О причащении на Светлой Седмице (сюда же стоит добавить Святки) документ сообщает: “следует признать соответствующей каноническому преданию сложившуюся в целом ряде приходов и епархий Русской Православной Церкви практику, когда соблюдавшие Великий пост христиане в период Светлой седмицы приступают ко Святому Причащению, ограничивая пост невкушением пищи после полуночи”. У внимательного читателя возникает вопрос: если такова практика “в целом ряде приходов и епархий”, то какова практика в других приходах и епархиях? И как следует к ней относиться? Документ молчит. В этом отношении была бы более уместна другая формулировка:
“Следует признать несоответствующей каноническому преданию сложившуюся в целом ряде приходов и епархий Русской Православной Церкви практику, когда в течение Рождественских Святок и Светлой Седмицы пастыри, сами приобщаясь за Литургией Тела и Крови Христовых, не допускают к причастию мирян, за исключением детей, больных и умирающих, под предлогом невозможности поститься перед Причащением в эти дни”.
Запрет о причащении в дни “женской нечистоты” нуждается не только в ссылках на каноны, но и в богословском разъяснении. Не везде и не для всех смысл этого запрета очевиден. Если в Новом Завете упраздняются все ветхозаветные нормы о материальной нечистоте, как можно объяснить нашим прихожанам смысл этого запрета?
Безусловно, в доработке нуждается пассаж об исповеди.
“Исповедь перед причащением является неотъемлемой важной частью говения, поскольку не только очищает душу для принятия Христа, но и свидетельствует об отсутствии канонических препятствий к участию в Евхаристии. В отдельных случаях, с благословения духовника, миряне, намеревающиеся приступить ко Святому Причащению несколько раз в течение одной недели — в первую очередь, на Страстной и Светлой седмицах, — могут быть в качестве исключения освобождены от исповеди перед каждым причащением”.
Нельзя освободить человека от исповеди. Освободить можно от физкультуры, от прививок, от налогов, от иной повинности. От исповеди нельзя освободить, как и нельзя к исповеди принудить. Исповедь есть прежде всего свободное проявление человеческого духа, совершаемое при нужде и необходимости. Мы говорим о верности церковному преданию, и именно поэтому читателю стоит напомнить о том, что “за две тысячи лет христианской истории таинство покаяния в его настоящем понимании никогда и нигде не совершалось” (прот. Владимир Воробьев). Для полноты Православной Церкви принудительная исповедь вовсе не является условием причащения в отношении членов Церкви, не впадающих в грехи “многие и лютые”, через которые человек отпадает от Евхаристии.

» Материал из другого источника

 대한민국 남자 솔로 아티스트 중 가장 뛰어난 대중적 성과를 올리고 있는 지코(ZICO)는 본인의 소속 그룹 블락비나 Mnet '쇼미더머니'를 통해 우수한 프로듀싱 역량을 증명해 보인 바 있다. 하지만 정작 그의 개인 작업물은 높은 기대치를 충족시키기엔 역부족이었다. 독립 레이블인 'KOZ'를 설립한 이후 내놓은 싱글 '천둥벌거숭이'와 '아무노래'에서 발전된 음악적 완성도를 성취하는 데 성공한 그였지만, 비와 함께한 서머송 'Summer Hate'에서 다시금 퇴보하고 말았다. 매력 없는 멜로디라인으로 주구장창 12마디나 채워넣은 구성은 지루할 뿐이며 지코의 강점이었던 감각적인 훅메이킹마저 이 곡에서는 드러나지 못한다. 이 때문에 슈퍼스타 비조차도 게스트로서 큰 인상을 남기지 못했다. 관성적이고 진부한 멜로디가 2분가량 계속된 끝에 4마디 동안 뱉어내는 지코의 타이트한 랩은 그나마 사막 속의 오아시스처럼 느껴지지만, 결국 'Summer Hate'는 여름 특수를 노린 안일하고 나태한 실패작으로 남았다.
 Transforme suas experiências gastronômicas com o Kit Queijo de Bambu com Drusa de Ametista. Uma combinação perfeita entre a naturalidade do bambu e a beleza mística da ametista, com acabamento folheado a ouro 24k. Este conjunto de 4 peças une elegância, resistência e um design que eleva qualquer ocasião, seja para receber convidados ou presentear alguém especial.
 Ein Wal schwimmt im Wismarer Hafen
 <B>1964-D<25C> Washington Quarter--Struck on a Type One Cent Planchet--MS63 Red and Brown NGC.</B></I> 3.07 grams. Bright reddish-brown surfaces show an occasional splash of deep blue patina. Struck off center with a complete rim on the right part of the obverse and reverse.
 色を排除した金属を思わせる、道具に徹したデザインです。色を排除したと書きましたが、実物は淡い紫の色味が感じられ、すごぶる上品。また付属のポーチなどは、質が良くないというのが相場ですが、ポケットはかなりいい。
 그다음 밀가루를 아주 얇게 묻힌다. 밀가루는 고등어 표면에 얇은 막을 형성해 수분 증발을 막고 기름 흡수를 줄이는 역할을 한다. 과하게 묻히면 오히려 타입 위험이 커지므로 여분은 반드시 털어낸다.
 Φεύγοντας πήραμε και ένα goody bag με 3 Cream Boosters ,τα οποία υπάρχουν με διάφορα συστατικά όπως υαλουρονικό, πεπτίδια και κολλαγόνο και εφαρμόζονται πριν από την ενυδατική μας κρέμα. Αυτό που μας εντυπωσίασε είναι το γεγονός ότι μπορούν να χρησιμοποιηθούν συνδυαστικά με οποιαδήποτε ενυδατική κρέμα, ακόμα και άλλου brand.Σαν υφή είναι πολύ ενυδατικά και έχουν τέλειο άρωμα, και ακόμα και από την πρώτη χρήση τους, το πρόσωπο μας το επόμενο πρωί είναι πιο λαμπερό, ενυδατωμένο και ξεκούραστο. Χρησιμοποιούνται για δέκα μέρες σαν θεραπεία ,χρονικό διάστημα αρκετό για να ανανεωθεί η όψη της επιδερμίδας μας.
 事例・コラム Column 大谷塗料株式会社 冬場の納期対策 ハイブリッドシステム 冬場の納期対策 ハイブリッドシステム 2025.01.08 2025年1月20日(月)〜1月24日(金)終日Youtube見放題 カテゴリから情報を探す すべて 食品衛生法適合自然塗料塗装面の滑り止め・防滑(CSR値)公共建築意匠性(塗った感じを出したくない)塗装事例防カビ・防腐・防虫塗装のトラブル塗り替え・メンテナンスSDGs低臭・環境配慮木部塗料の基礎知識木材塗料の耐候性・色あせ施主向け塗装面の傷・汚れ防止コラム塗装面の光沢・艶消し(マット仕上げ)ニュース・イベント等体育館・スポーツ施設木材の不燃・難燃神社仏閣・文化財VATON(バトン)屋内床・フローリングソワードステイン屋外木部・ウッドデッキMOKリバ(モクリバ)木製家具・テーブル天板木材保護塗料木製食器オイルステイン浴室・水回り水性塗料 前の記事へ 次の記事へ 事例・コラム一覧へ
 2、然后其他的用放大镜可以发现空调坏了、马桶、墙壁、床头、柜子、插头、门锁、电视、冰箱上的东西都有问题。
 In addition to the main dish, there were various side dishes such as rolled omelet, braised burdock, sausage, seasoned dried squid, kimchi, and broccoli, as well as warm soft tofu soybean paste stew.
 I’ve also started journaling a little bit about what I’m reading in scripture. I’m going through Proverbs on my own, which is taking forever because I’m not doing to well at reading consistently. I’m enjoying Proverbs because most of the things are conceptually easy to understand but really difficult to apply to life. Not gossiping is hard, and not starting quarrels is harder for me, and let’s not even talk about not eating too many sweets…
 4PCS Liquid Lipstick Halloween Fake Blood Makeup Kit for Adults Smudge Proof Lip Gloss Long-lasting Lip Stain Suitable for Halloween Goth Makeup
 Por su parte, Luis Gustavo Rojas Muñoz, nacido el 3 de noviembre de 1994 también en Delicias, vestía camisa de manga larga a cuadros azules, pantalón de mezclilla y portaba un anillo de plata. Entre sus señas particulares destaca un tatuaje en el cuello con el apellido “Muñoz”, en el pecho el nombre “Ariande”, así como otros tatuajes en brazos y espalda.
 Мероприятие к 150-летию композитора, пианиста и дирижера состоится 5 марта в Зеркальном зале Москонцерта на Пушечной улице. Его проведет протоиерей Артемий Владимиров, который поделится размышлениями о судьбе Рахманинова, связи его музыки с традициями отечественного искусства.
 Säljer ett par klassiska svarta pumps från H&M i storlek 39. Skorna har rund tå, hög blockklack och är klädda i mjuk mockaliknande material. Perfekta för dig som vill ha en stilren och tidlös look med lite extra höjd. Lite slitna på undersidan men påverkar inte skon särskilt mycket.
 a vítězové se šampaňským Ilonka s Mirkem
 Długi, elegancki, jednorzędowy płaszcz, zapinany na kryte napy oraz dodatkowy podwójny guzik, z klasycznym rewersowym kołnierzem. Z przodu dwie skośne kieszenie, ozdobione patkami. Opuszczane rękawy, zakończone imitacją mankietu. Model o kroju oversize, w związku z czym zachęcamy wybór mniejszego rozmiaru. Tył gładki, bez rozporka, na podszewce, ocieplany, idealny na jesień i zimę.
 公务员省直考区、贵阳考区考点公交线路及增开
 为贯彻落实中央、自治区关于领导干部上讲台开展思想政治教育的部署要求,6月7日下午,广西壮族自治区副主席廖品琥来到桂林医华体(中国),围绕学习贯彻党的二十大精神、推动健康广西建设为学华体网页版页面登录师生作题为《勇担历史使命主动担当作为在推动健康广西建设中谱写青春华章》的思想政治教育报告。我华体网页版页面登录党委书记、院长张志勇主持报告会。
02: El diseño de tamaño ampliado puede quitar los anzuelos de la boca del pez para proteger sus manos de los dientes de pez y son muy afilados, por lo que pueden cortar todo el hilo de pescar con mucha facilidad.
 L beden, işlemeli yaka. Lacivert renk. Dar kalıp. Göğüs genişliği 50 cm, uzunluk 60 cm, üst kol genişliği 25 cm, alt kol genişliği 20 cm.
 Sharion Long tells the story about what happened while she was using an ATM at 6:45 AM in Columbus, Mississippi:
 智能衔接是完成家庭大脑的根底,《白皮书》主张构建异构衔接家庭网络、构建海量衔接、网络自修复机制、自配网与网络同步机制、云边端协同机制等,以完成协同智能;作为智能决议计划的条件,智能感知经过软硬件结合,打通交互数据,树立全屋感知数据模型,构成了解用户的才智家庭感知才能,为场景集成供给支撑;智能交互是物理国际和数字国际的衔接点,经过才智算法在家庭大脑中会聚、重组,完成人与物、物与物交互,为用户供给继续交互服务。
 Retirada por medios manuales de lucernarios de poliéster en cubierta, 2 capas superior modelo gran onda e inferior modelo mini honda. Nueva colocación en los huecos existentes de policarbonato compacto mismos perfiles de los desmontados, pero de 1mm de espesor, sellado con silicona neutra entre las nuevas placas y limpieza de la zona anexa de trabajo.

Если исповедь является непременным условием для Причащения в отношении мирянина, почему она не является условием для клирика? Он по определению более благочестив, чем его прихожане? У него другое строение ДНК? Документ не дает ответа на этот вопрос.
Фраза о том, что исповедь “свидетельствует об отсутствии канонических препятствий к участию в Евхаристии” и вовсе переворачивает смысл исповеди с ног на голову. В свете этого пенитенциарного богословия Церковь Христова предстает не как семья, а как толпа, подлежащая фильтрации, а пастырь является не отцом, а сержантом на КПП, главная задача которого — делить своих чад на овец и козлищ, “допущенных” и “недопущенных” к таинству, как зачастую и случается на практике, в атмосфере недоверия и подозрительности.
При доработке документа, в особенности об отношении между исповедью и причастием, необходимо вернуться к эпохальном докладу о. Александра Шмемана о связи между двумя таинствами:
“Превращение исповеди и таинства Покаяния в обязательное условие причащения не только противоречит Преданию, но его действительно искажает. Оно искажает учение о Церкви, создавая в нем две категории членов, из коих одна — миряне — в сущности отлучаются от Евхаристии, как самого содержания и исполнения своего членства, как его духовного источника.… Искажается учение о таинстве Причащения, которое начинает восприниматься как таинство для немногих достойных и чистых, а не как Таинство Церкви: грешников, безмерной любовью Божией всегда претворяемых в Тело Христово. И искажается, наконец, само христианское понимание покаяния: превращается в некое формальное условие для причастия, и на деле все очевиднее заменяет собою настоящую подготовку к причащению, то подлинное внутреннее раскаяние, которым вдохновлены все молитвы перед причащением. После трехминутной исповеди и разрешительной молитвы человек чувствует себя вправе приступить к Чаше, достойным и даже безгрешным, т. е. чувствует, по существу, обратное тому, к чему ведет подлинное приготовление к причастию”.
Чтобы избежать профанации таинства, можно идти по другом пути — созидать Церковь как общину, в которой пастырь знает своих овец, и при отсутствии тяжелых грехов не заставляет их дышать друг другу в затылок перед аналоем за пол-часа до начала Литургии. Так он сможет уделять больше времени для для исповеди тех людей, кто в ней реально нуждается, делая в Церкви первые шаги, или освобождаясь от тяжелых грехов и пороков.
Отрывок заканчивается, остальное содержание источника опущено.